Sylvia Glasser and Nadia Virasamy at MID’s 40th anniversary celebration PHOTO Herman Verwey

‘Over the past two years, we have taken in learners from the Enable project into our first-year programme, and two of them are currently in their second year at the moment.’ Virasamy adds: ‘And RMB has been kind enough to sponsor a stairlift for us, so now we can actually get wheelchairs upstairs – we previously had to use the little studio downstairs, but there just wasn’t enough space.’

Enable Through Dance earned RMB and MID the 2018 BASA Award in the Increasing Access to the Arts category, an acknowledgement not just of the investment that RMB are placing in the arts sector, but of their passionate belief in the sector and its ability to impact real socio-cultural transformation.

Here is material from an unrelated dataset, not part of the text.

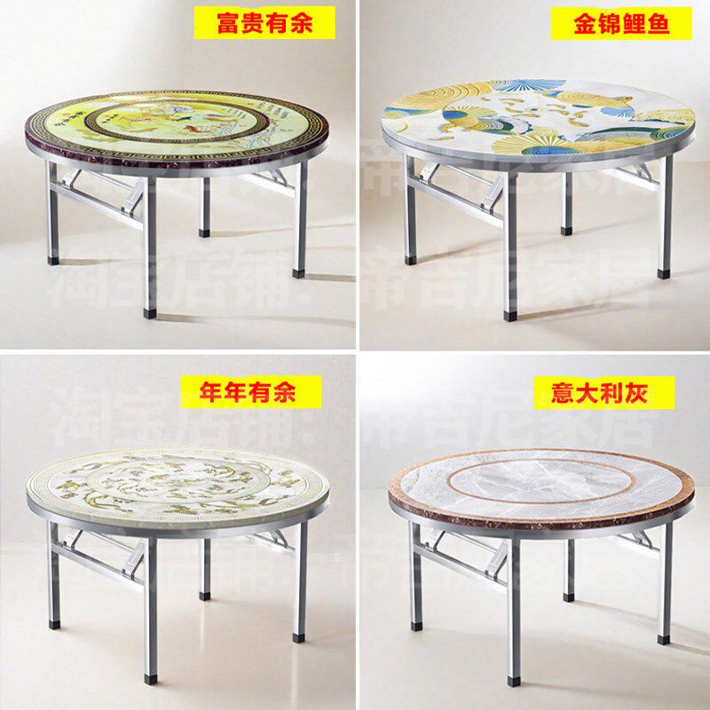 不锈钢内置转盘彩图圆桌加厚食品级可折叠免安装餐桌酒席食堂饭桌

‘It’s just one of those projects that we are very proud of and, to be honest, in terms of our relationship with RMB, I think one of the things I value most is the support structure,’ says Virasamy. ‘They give you funding, but they also provide you with real support, invite you to workshops or to network and engage, and really open up different opportunities for you. I think that’s where the connection is, that’s where those relationships are built, that’s where partnerships and collaborations happen. You get to know who they are funding, what their area of interest is, and the fact that they are actually invested in you succeeding as an organisation. It’s not about ticking boxes, it’s a lot more supportive than that and I think that’s one of those incredible things. I’ve never had that from any other funder,’ she concludes.

Nowell says, ‘In short, MID use the tool of dance to empower young people with formalised training and skills that make them employable – in and beyond the arts sector. RMB are proud to be part of MID’s 40-year journey of unlocking talent and social transformation through the creative arts.’